The late Autumn of 1984 heralded my tenth visit on the job to North Mayo. As is usual it was pouring rain as I turned into the drive of the guest house that is situated three miles from Belmullet.  Anyone looking at me would have thought that I had fallen into the sea. I was drenched, soaked through, tired and hungry.  My host, a widower,  made every effort to give me a kind hearty welcome but his heart wasn’t in it. It was just three months since his wife had died and he had lost his spirit on her passing. Loneliness pervaded every nook of the house. A kind of loneliness overcame me too as I thought of my own darling wife who had been left alone for days also due to the duties of my work.   It occurred to me, not for the first time, that we would be seven years married this same week. My host’s low ebb was very apparent in the stilted small talk we made, and with more than a modicum of self-pity, I regretted, in hindsight, choosing his guest house as was my wont.

I asked, struggling for something to say, after conversing sombrely for a  minute on his loss;

“Are there many visitor’s about?”

“Not many” he replied “ we have one lady visitor from France tonight.”

In that moment I got a blink of a glance of Josiane. In that instant she had crossed behind AJ, my host, heading  from her bedroom to the bathroom at the end of the long corridor.  AJ was telling me of the location of my own room but I heard nothing of his chat.  Sweet God in heaven, no woman could be that beautiful. My breath caught in my throat – this was beauty beyond beauty, and she was every bit of it.

“I’ll turn on the electric under-blanket”,  AJ said helpfully.

“Don’t “, I replied. “I’ll eat it later”  – my soaring heart and fantasy already miles from his presence.

Who was she? What in the heck was she doing in a remote and isolated Belmullet?  Where was her man? A little smile of pursuit appeared on my lips. The briefcase and bag we thrown on my bed and in that action work, loneliness, hunger, drenching and wife were suddenly forgotten. Whispering voices crept into my head “Seven years married.”

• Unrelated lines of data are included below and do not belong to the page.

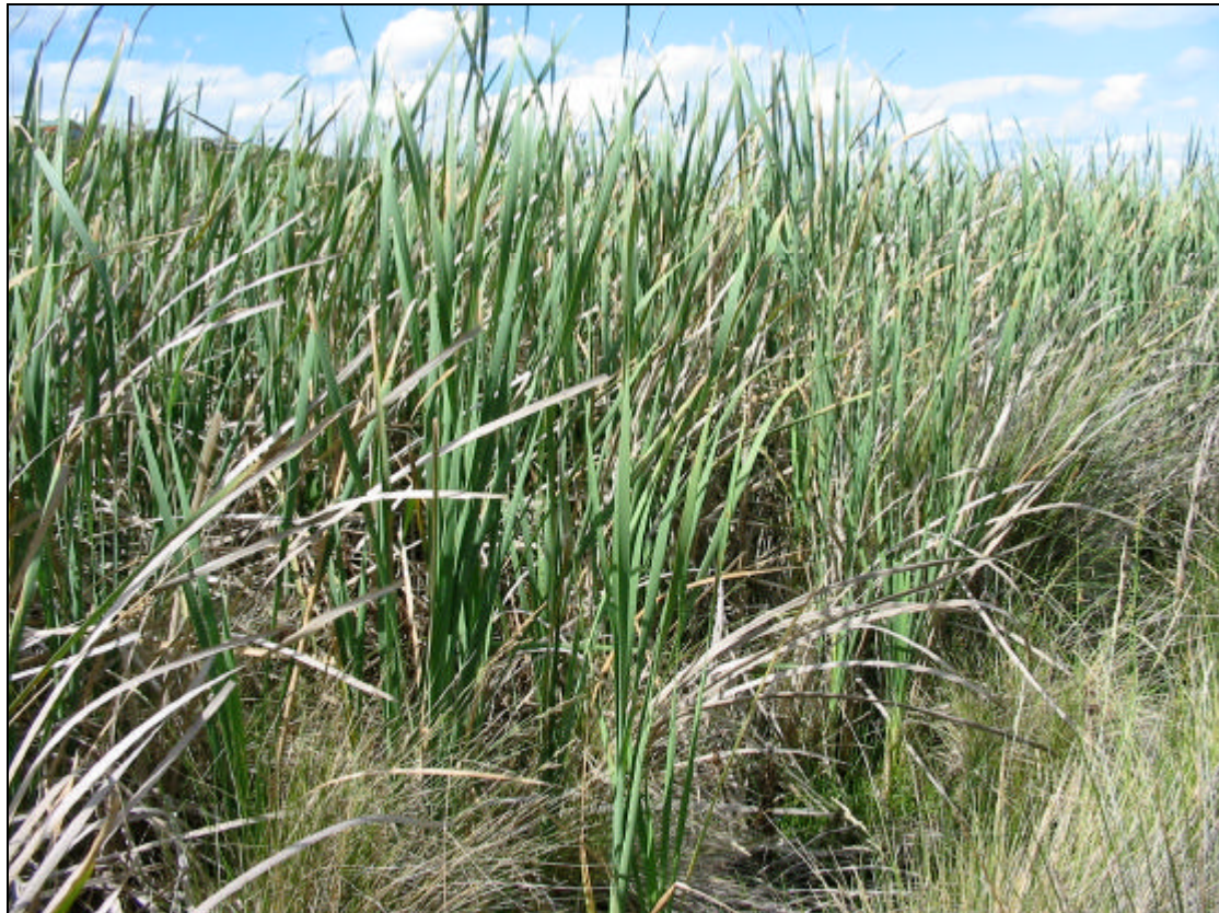
Figure 7: Tall Marsh (EVC 821).
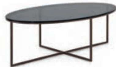
TRIO COFFEE TABLE

Upholstery: Fabric MA2 - Cat. C Standard: Loose cushions #CUS59 included W. 230 D. 100 H. 84
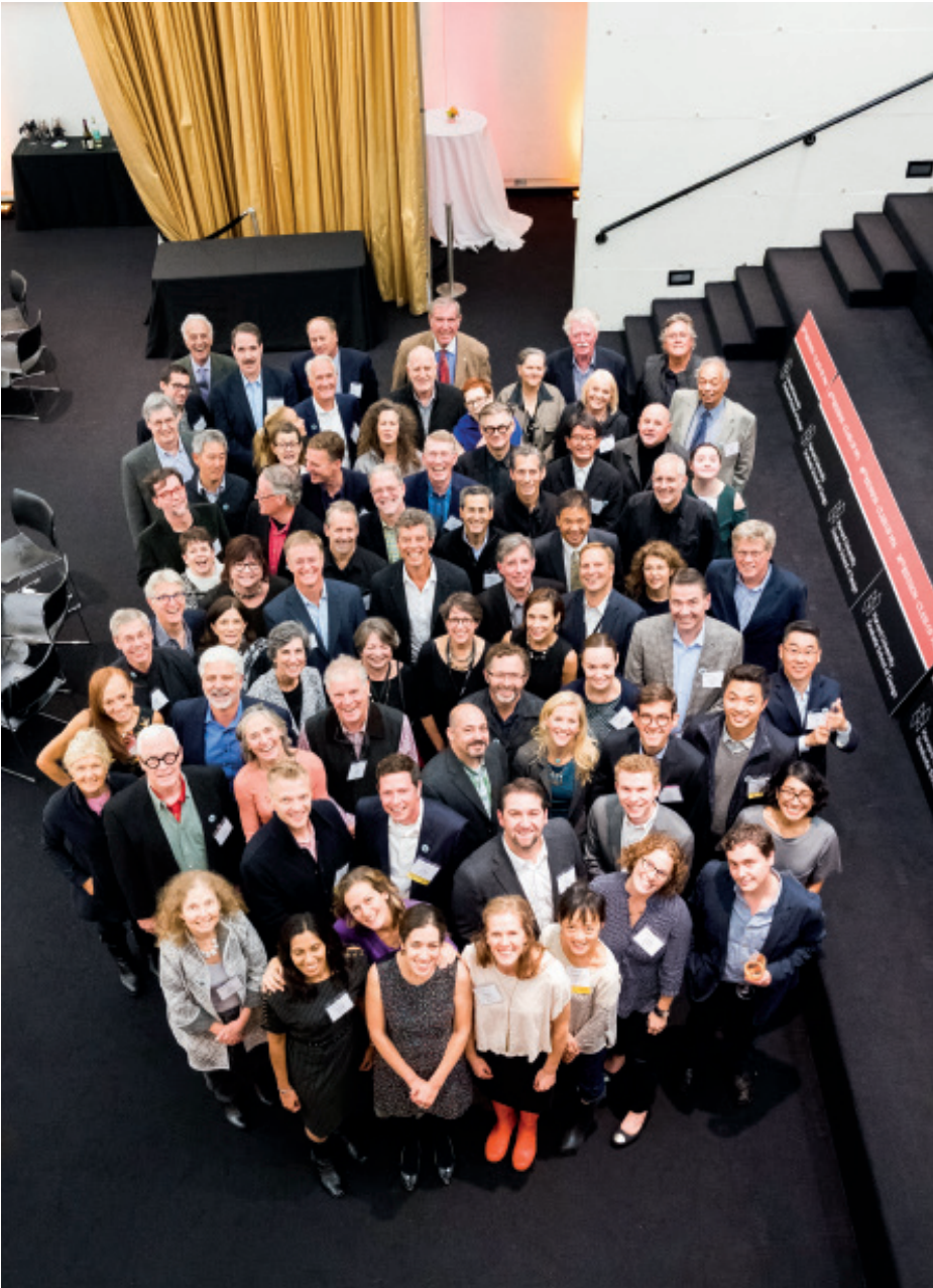
Alumni at GSD Reunion Weekend.
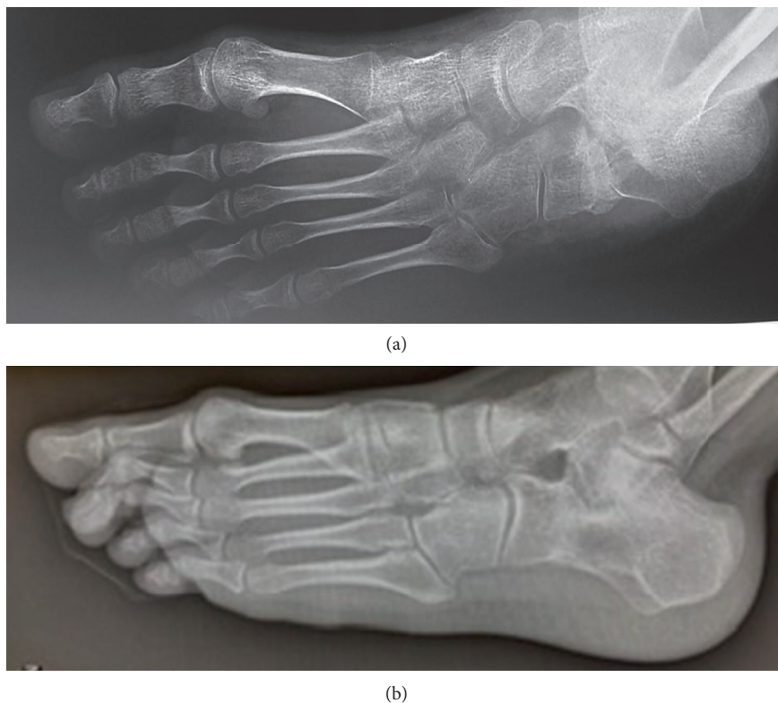
FIGURE 2: Same patient of Figure 1, three years later. The patient was surgically treated by Evans–Mosca procedure bilaterally with an interval of six months. The radiographic examination of the left foot, performed in oblique view 3 months after surgery, showed good lengthening of the calcaneus with the presence of the tricortical bone graft (a). At an intermediate follow-up, 7 years later, the graft was perfectly remodeled in the calcaneal bone with the maintenance of calcaneal lengthening and without any sign of osteoarthritis of the calcaneocudoid joint (b).
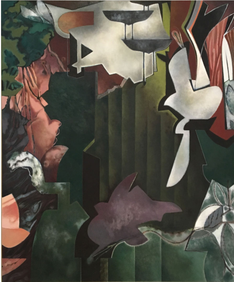
Surge , 2008-2017 Oil on Canvas 122 x 102 cm
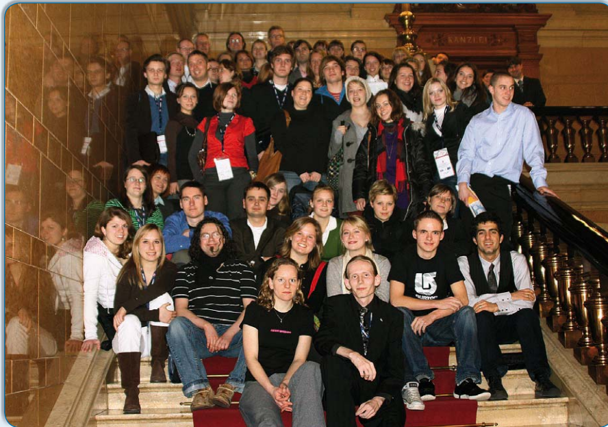
Youth conference, February 2009. Young people discussed approaches for the EU Baltic Sea Strategy in the town hall of Hamburg.
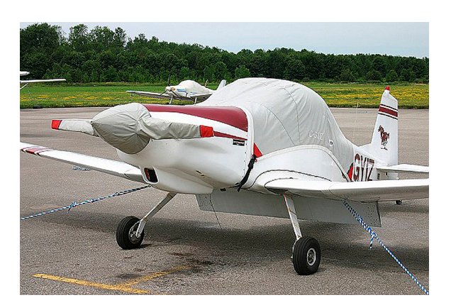
Bushby Mustang Canopy cover and Propellor/Spinner cover
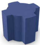
Wheel Ottoman (Small) FM2SMW1
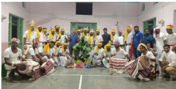
DNC philosophers celebrate Karam feast

The month of October was a very beautiful and pleasant month. Many people came to visit us;
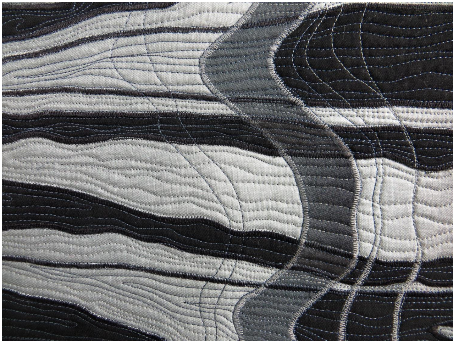
Reflections of Cowichan #1 (detail) • 30" x 30" • Copyright © 2015 Caryl Bryer Fallert-Gentry
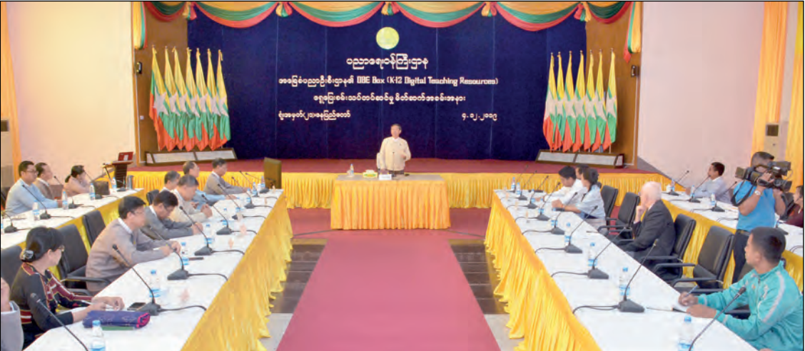
Union Minister Dr. Myo Thein Gyi delivers the speech at the launching ceremony of the pilot phase of installation of DBE Boxes (K-12 Digital Teaching Resources) in Nay Pyi Taw yesterday.

Basic Education would be able to easily access books, lessons, teacher’s manuals, and general supplementary textbooks for KG, Grade 1, Grade 2, and Grade 3, and on education policy, law, and reforms,” the minister said. DBE Boxes include teaching aids with a Creative Commons License and have been designed by international universities and organizations for the purpose of education. Teachers would be able to study the lessons and teaching sources using smartphones and tablets, said Dr. Myo Thein Gyi. He pledged to install the boxes in schools across the country after reviewing the survey of pilot schools. “The installation of DBE Boxes is among the reforms based on technology being introduced by the Ministry of Education, and it can be said that the plan will develop educational
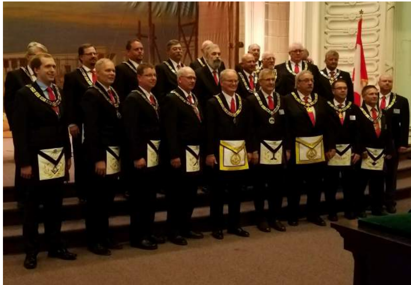
2018, at the Masonic Center in Grand Forks, North Dakota. This year, I represented my Dual Lodge, Mandan Lodge #8 in Mandan, ND, not only for the first year as Past Master, but also as my first year serving the Lodge as Lodge Secretary. I can't remember the Annual Communication rules in Nebraska or Minnesota, but North Dakota a Master or either Warden can represent the Lodge or have a proxy in their place; but a Lodge Secretary, as an important part of Lodge's business and communication with Grand Lodge is not allowed to have a Brother proxy for him.
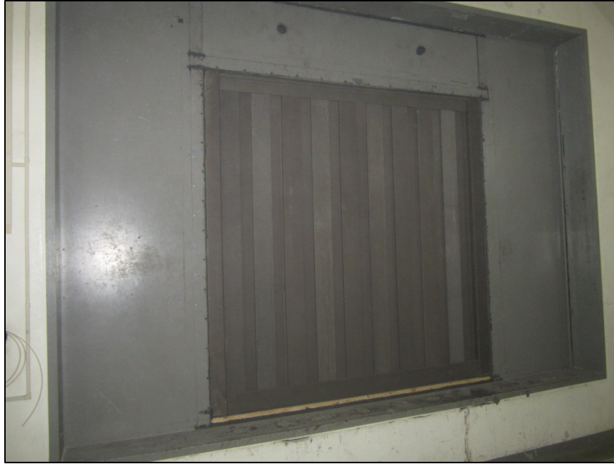
Receive Room View of Installed Specimen
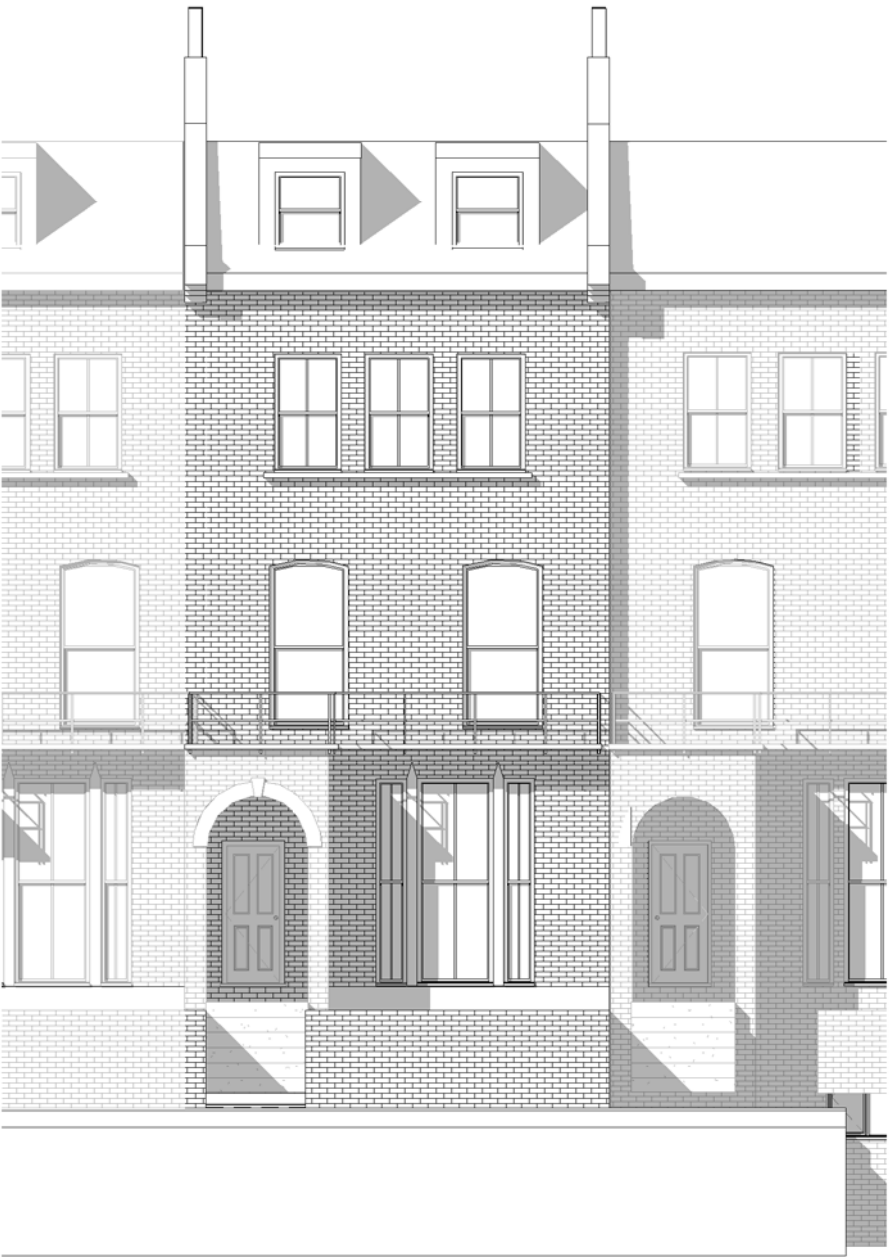
Front Elevation - Existing and Proposed
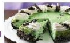
ChocolateGrasshopperCheesecake with fudge mint cookies and creme de menthe liqueur

France, French,  how would I greet her?  I knew five French sentences.  Nay, I was only codding myself, I had five words of French. What would I do?  What would I say?  It didn’t matter a whit my pulse was racing. I threw off my soaking coat and decided I would shave, shave for the preparation!  Preparation? Preparation for what?  The razor slid smoothly across my cheek and I stared in the mirror.  As sure as anything Robert Redford was staring back at me. Errant wisps of hair were brushed across my pate and after a quick scouring under the armpits, a change of shirt, and a quick brush of the teeth, I was ready!   After a final glance in the mirror and a tucking-in of my beer girth, tightly under my belt, out I went.

It was usual for AJ to have a flaming turf fire lit in the parlour.  I stood momentarily outside its door, with half a French greeting forming on my lips. I opened the door by way of a grand entrance. There was no one inside.

I sat by the fire expectantly, staring into its flames, listening intently for any little noise that would announce her arrival. While I was in the middle of a dream, she glided in the door. Mon Dieu! A vision of pure loveliness.  Her silk-like hair flowed  caressingly down her back, her pert breasts danced freely under her light woolen top. Her kind brown eyes looked confidently and unflinchingly in my direction. Her cheeks  were those of  Aphrodite hewn from marble. Her lips were soft and seductive  and her face was that of the Virgin.  A graceful loving smile shone from her. My pulse stopped, froze. Time stopped. Words failed me.
“Bon soir” blurted out almost unknowingly as I was too smitten by her spell, her beauty and allure.  With a huge effort, I tore my eyes away from her and stared into the fire for fear that she would think I was ogling her a temptation to which any man in his right mind would yield.  “Allo” she responded quietly. The voice and music of an angel.  My head was in turmoil. One half of my mind was trying to find a word, any word in French with which to communicate,  the other half was floating stricken and afflicted by a yearning for love.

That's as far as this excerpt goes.